▸ **HOW TO COMPLETE THIS TASK**: After locating the line that contains "The main purpose", transcribe exactly that line and each one after it until the data ends, skipping pictures.

Start of GIVEN ENTRIES

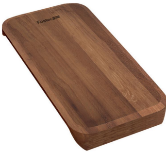
Iroko-wood sliding chopping board 8643 116
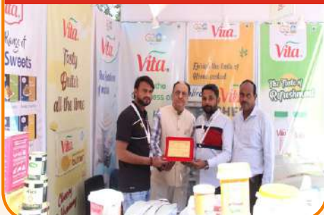
HARYANA DAIRY DEV. COOPERATIVE FED. LTD.
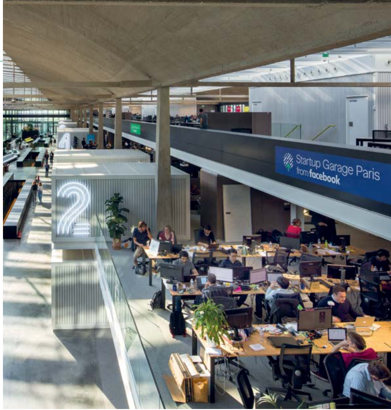
Station F Create Zone
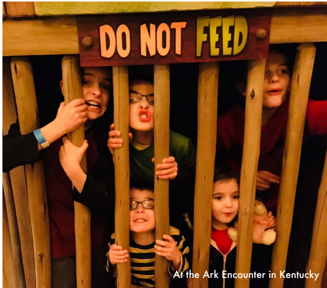
At the Ark Encounter in Kentucky

Serving with Bible Visuals International
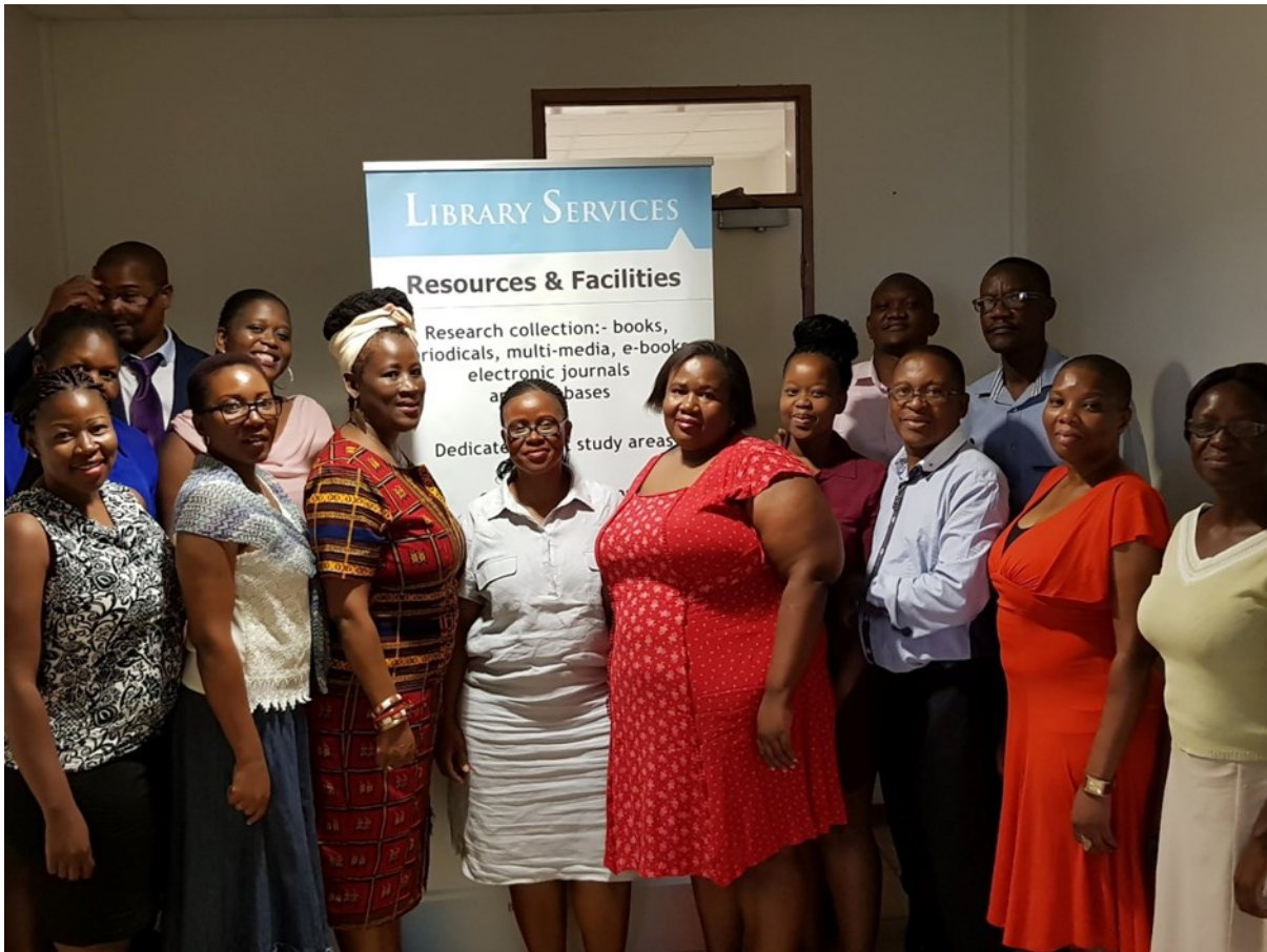
Librarians during the first meeting that was held in Botswana International University of Science and Technology.

The main purpose of the Forum is to bring together library professionals in and around Palapye with a view to sharing experiences and leveraging on each other's skills, competencies and strengths for service improvement in libraries. In view of this purpose the Forum is currently implementing an initiative called "Nketela", which entails visiting local libraries for assessment and possible support.
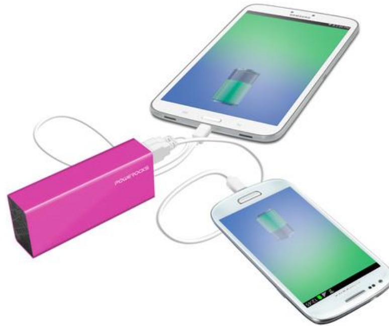
Power bank for mobile phone

End of GIVEN ENTRIES

▸ **REPLY TO THE TASK**:
The main purpose of the Forum is to bring together library professionals in and around Palapye with a view to sharing experiences and leveraging on each other's skills, competencies and strengths for service improvement in libraries. In view of this purpose the Forum is currently implementing an initiative called "Nketela", which entails visiting local libraries for assessment and possible support.
Power bank for mobile phone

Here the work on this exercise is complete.